C’est ici qu’intervient une seconde révolution. Les laboratoires sont parvenus à produire des biosimilaires. « Il s’agit de molécules qui ont la même efficacité biologique que les biothérapies. Mais, grâce à l’amélioration des techniques de fabrication, les biosimilaires coûtent 40 à 80 % moins chers à fabriquer ! souligne-t-il. Attention, il ne s’agit pas d’un générique fabriqué en Inde. C’est bien un médicament fabriqué par les grandes marques pharmaceutiques, avec la même efficacité que les biothérapies. Il y a ici un enjeu politique fort. » En effet, cela permettrait de soigner une population beaucoup plus vaste à moindre coût et de favoriser la recherche avec l’argent économisé. Un axe favorisé par Agnès Buzyn, la ministre de la santé française, qui souhaite, selon Xavier Pivot, que 80 % du marché soit couvert par les biosimilaires. D’ailleurs, le professeur précise que les cancers ne sont pas les seuls concernés par ce traitement, mais que près de la moitié de la pharmacologie l’est.

Immunothérapie

Autre thérapie d’avenir, l’émergence de l’immunothérapie. « Il s’agit d’une nouvelle thérapie que je qualifierais d’élégante pour se débarrasser du cancer, décrit Pivot. Souvent le cancer arrive à se cacher, il n’est pas détecté comme un intrus par le système immunitaire.

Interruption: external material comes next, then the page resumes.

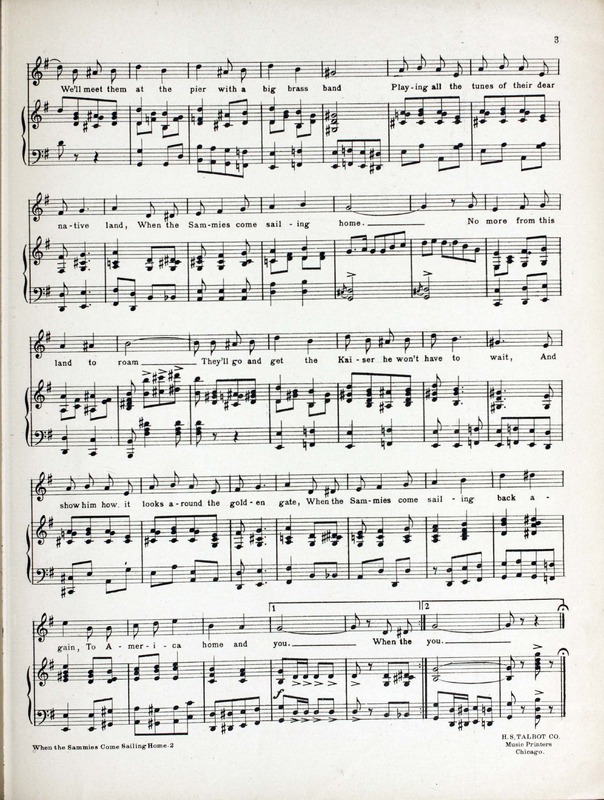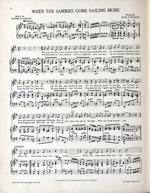 Gibler, Jerome H. 2000. “When the Sammies Come Sailing Home Words by Hial F. Keagle With the 122d Artillery ; Arranged by Bob Gibler ; Music by Jerome H. Gibler”. Chicago : published by Schumann Piano Co, World War I Sheet Music, accessed February 11, 2026, https://digitalexhibits.library.wustl.edu/s/wwimusic/item/36352

L’immunothérapie a pour but de stimuler le système immunitaire, pour que l’organisme se débarrasse lui-même de son cancer. » Enfin, les techniques d’avenir seront aussi présentées. La France est parvenue à séquencer suffisamment de tumeurs de cancer du sein pour identifier « 90 % des événements génétiques » à l’origine de la maladie. « Cela donne des informations sur l’histoire du cancer et permettra, à terme, d’adapter le traitement, précise le médecin. Les pays du monde se sont partagés les cancers à séquencer. Ce qui facilitera ainsi le travail. » C’est vers ce but qu’est désormais tourné l’ensemble des travaux des chercheurs et médecins.